Heaven's Gate's complicated relationship with Nike
When the bodies of 39 Heaven's Gate members were discovered in 1997, all were clad in a pair of black-and-white, Nike-branded athletic shoes, according to Adweek. That led to some negative media attention for the shoemaker. "We've heard all the jokes," Nike representative Jim Small said. "The Heaven's Gate incident was a tragedy. It had nothing to do with Nike."
But Heaven's Gate did have something to do with Nike, in that group leader Marshall Applewhite was a big fan of the company's shoes. "Therefore everyone was expected to wear and like Nikes," Heaven's Gate biographer Rick Ross told Oxygen True Crime Buzz. Members also adopted Nike's advertising slogan, "Just Do It," for motivational use within the group, saying the "Do" like "doe," the pronunciation of Applewhite's internal moniker "Do." Not only did adherents wear Nikes because Applewhite liked them, but they got a discount by buying them in bulk. According to Sole Collector, two Heaven's Gate members paid $548.45 for the 39 pair of Nikes at a San Diego-area store mere days before the mass suicide took place.
The shoes were part of a no-frills, low-priced Nike line called Decades, and after the Heaven's Gate events, Nike discontinued them, according to Vice. Because of their scarcity and connection to a dark historical event, a pair of vintage Decades can fetch big money on the secondary market, priced into the thousands on eBay.

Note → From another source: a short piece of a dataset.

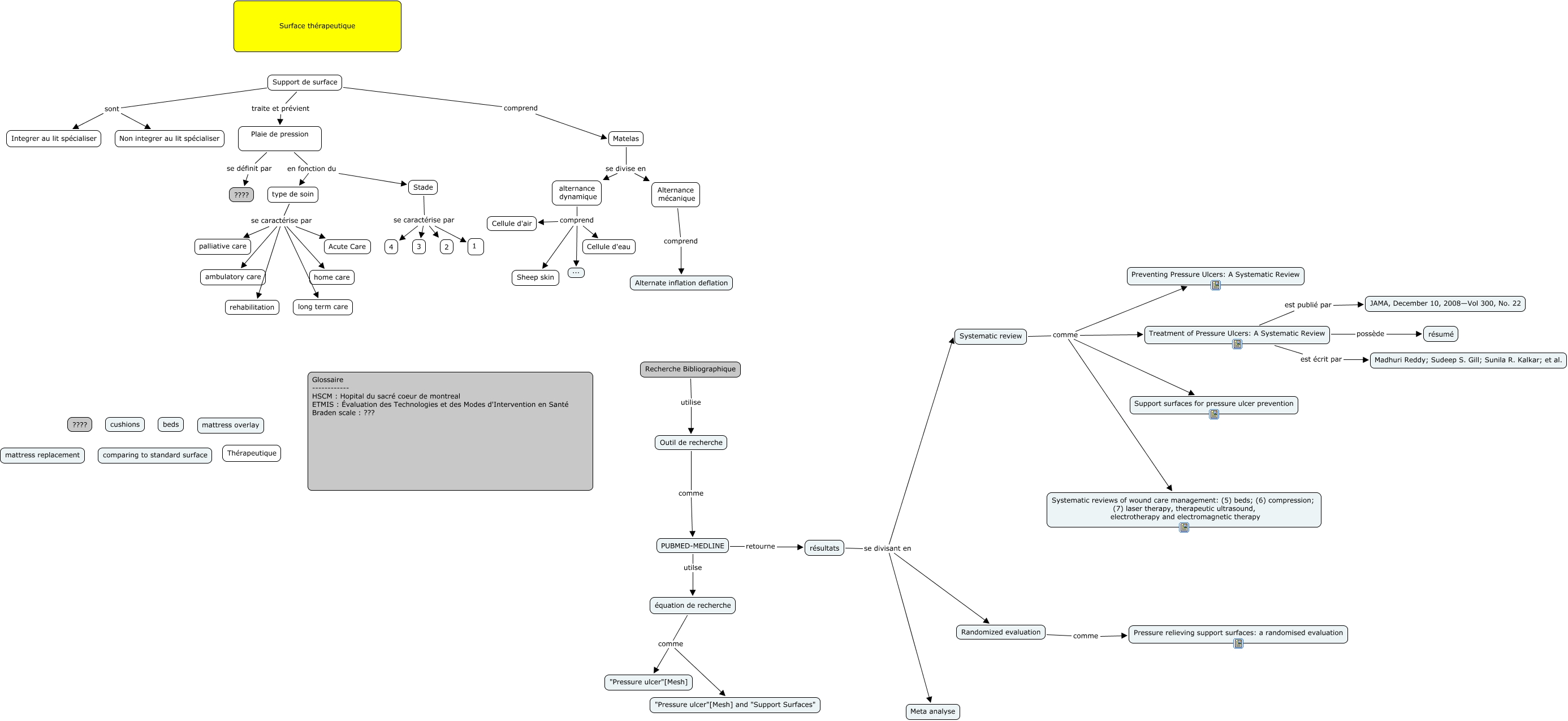 This Concept Map, created with IHMC CmapTools, has information related to: support_therapeutique_Thuot_Fournier, Outil de recherche comme PUBMED-MEDLINE, type de soin se caractérise par ambulatory care, Stade se caractérise par 4, Treatment of Pressure Ulcers: A Systematic Review est écrit par Madhuri Reddy; Sudeep S. Gill; Sunila R. Kalkar; et al., Plaie de pression en fonction du Stade, Systematic review comme Preventing Pressure Ulcers: A Systematic Review, Systematic review comme Treatment of Pressure Ulcers: A Systematic Review, Alternance mécanique comprend Alternate inflation deflation, équation de recherche comme "Pressure ulcer"[Mesh], PUBMED-MEDLINE utilse équation de recherche, Support de surface sont Non integrer au lit spécialiser, Randomized evaluation comme Pressure relieving support surfaces: a randomised evaluation, Recherche Bibliographique utilise Outil de recherche, type de soin se caractérise par palliative care, résultats se divisant en Systematic review, type de soin se caractérise par long term care, Stade se caractérise par 1, Systematic review comme Support surfaces for pressure ulcer prevention, Systematic review comme Systematic reviews of wound care management: (5) beds; (6) compression; (7) laser therapy, therapeutic ultrasound, electrotherapy and electromagnetic therapy, Support de surface comprend Matelas

An astronomer predicted the Heaven's Gate tragedy
According to History, the arrival of the Hale-Bopp comet was a major astronomical event. Scheduled to pass close to Earth in 1997 and be visible to the naked eye for months on end, it was a once-in-200-years (or longer) event, and the 39 members of the Heaven's Gate group believed that the comet's trail would bring with it an intergalactic spaceship (a star captured in one photo of Hale-Bopp led to its identification as a craft, per the Sun-Sentinel) that would collect their souls as it dropped by Earth, prompting a mass suicide in preparation. Eerily and tragically, this sad outcome fulfilled a prediction made by one of the scientists who discovered the Hale-Bopp comet.
Hale-Bopp was named for the two astronomers who first discovered the comet, independently of one another, Thomas Bopp of Arizona and Alan Hale of New Mexico, according to Space. This comet, and the way Heaven's Gate responded, was not nearly the first time in history that people connected an astronomical event with a doomsday scenario or possible change in their plane of existence. According to Skeptical Inquirer, Hale told a co-worker after the discovery of the comet that a related mass suicide was a likely event. "'We are probably going to have some suicides as a result of this comet,'" he recalled saying. "The sad part is that I really was not surprised."